Successful people in every domain seem to have an intrinsic love for their profession. This love creates a lifelong engagement in their careers, constantly learning and expanding their skills and expertise. As game designer Raph Koster said about fun, “Fun is another word for learning.” Yet can we deliberately create intrinsic love for subjects that are not usually perceived as “fun”? Can we increase the number of STEM majors?

 

I came across Neil DeGrasse Tyson and Michio Kaku through my interest in political science. They argue that the US economy will not be sustainable unless it gets more Americans interested in science and engineering. Michio Kaku argues that Silicon Valley has been supported so far by the “genius visa.” The US has made it very easy for highly-skilled foreigners to come to work in the country, but they are starting to leave for opportunities outside the US.

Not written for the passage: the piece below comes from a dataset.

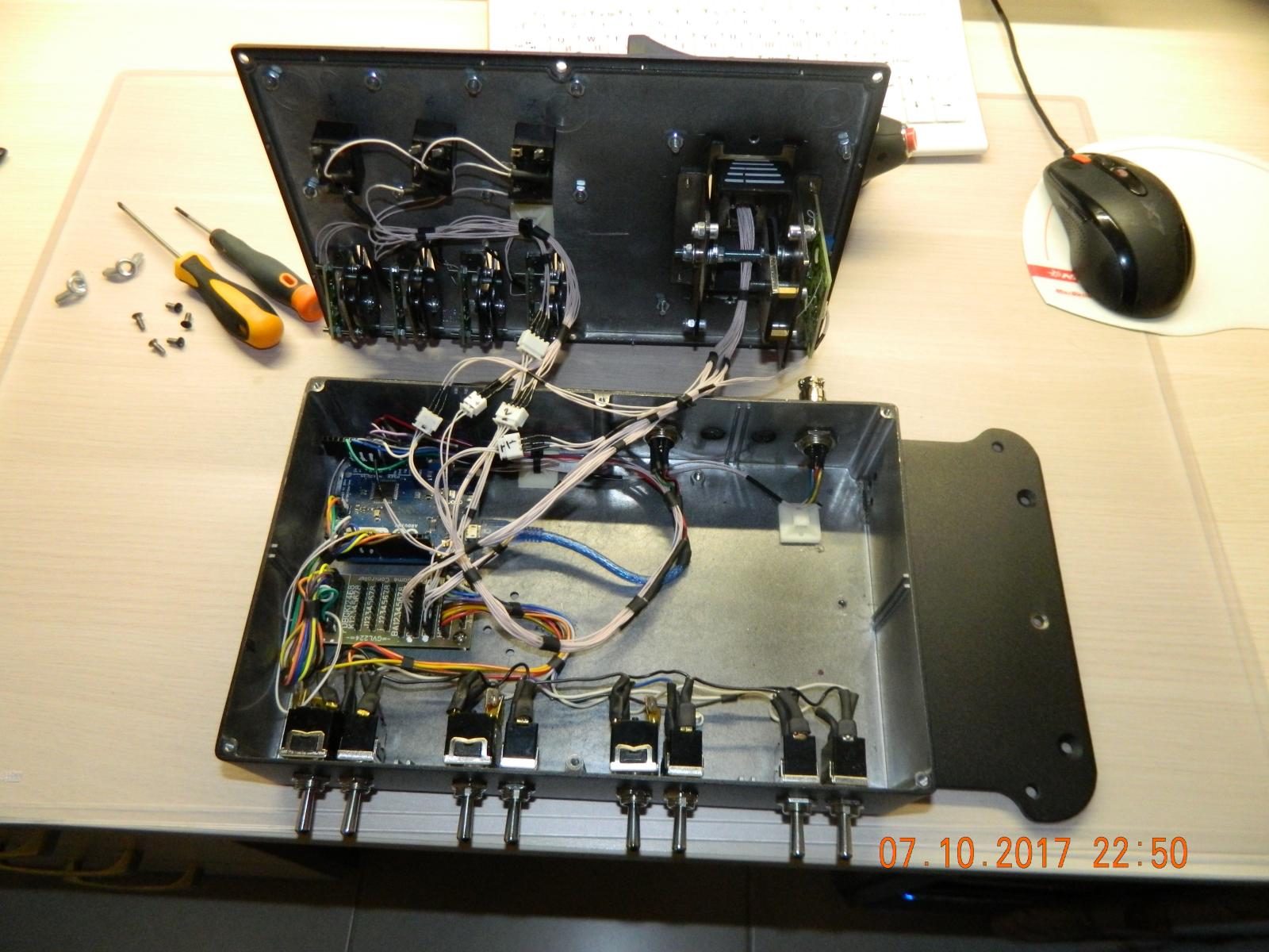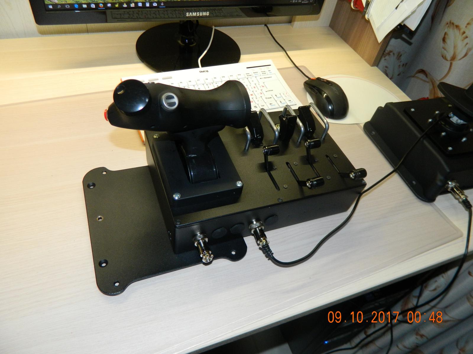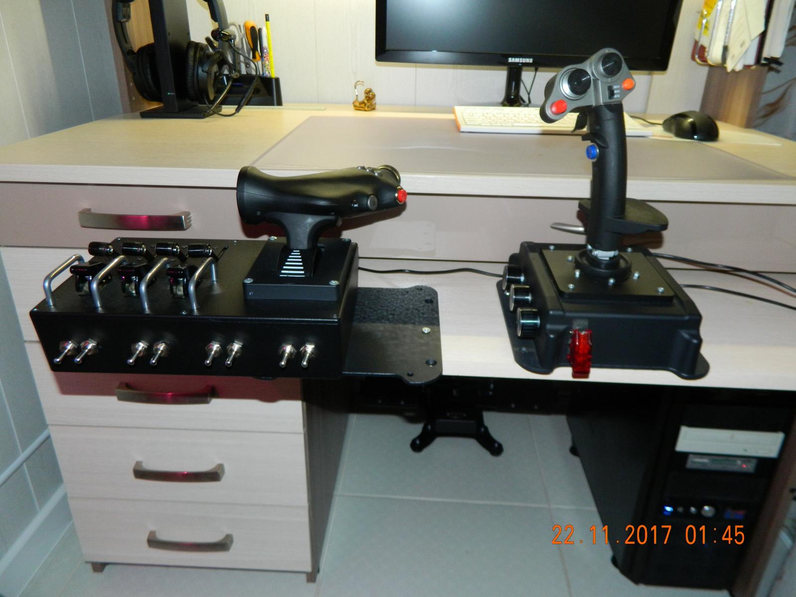Sdelan_v_USSR Опубликовано: 21 ноября 2017 Опубликовано: 21 ноября 2017 Контроллер NJoy32 от ВКБ Версия 1.27 и 3 цифровых датчика MaRS v 4.1 – 2000 руб. РУС 7000 руб. Джойстик Cobra M5, механика от Романа. Контролер от kreml C5 mini версии 1.01. Цифровые датчики RAMS от komaroff. Дополнительные оси 3 шт. на резисторах – 2 подключены от контролера 1 от отключенного твиста. РУД 5000 руб. Корпус из алюминия, крашенный порошковой краской в автосервисе. Маленькая механика 4 шт. и большая специальная под ручку РУД «Gametrix» от DVik. На маленькой механике датчики МаГРез от Defender Cobra M5 версия 1.01 оттуда же и магниты, на большую механику не хватило, поставил датчик для основной оси от Виталия (GVL) для педалей ( у него же заказал обычный датчик МаГрез), тумблеры без фиксации (ON)-OFF-(ON) 8 шт, тумблеры OFF-ON 3 шт., все подключено к MMJoy 2 Arduino Leonardo + диодная матрица от GVL. Ручка подключена напрямую к MMJoy, то есть кнопка MODE не работает (обрезаны дорожки, при желании можно восстановить). Хоть capitanblood и подсказал как сделать, не захотел заморачиваться. Демонтирован один резистор, вместо него кнопка. Разъемы GX16. Есть подключенный вывод для подключения светодиодов WS 2812. Играл в основном в тундру, хотя задумывалось все под ИЛ 2 БЗС, но слабый комп не потянул игру, изредка вылетал в быстрый вылет. Территориально СПб. Хотелось бы в Питере и продать, включить игру, дать попробовать, чтобы все было честно и без обмана как у волшебника Сулеймана 2

Unless we develop more home-grown talent, the US will be in STEM trouble. The nature of our service economy means that one of our key competitive advantages is our ability to innovate. Without talented people we cannot innovate, and the rate of development will decline. Neil and Michio have taken the task to spark a love for science and engineering into their own hands through a technique that I choose to call Intrinsic gamification.

There is a basic shift in philosophy here. The traditional argument for gamification goes something like this: “Reality is broken. Games make us happy, so if life was more like a game, we would all be happier and more engaged.” While there is some truth to this, it is not universal and can be deceptive.

Intrinsic gamification offers a different perspective: “Games are, at their core, about solving problems. The evolutionary purpose of play is for us to learn problem-solving skills that will be used to solve real-world problems. When this happens, reality can become a 2.0 version of the games we love to play.” It is “gamification without gamification.” A career becomes a game without involving a game designer. Reality is not broken, and seems stranger (and more fun) than fiction.

Intrinsic gamification has two basic components: narrative and problem-solving process.

 

Narrative:

Stories affect our identity and worldview. A good example of how this works in enterprise is the book Enchantment by Guy Kawasaki. In a video series narrated by Neil DeGrasse Tyson titled “We Stopped Dreaming,” he argues that the space race in the 60’s inspired an entire generation to dream about the future, which motivated them to become engineers and scientists to be a part of creating that future. After the Cold War, we cooled down the space narrative, and interest in science declined.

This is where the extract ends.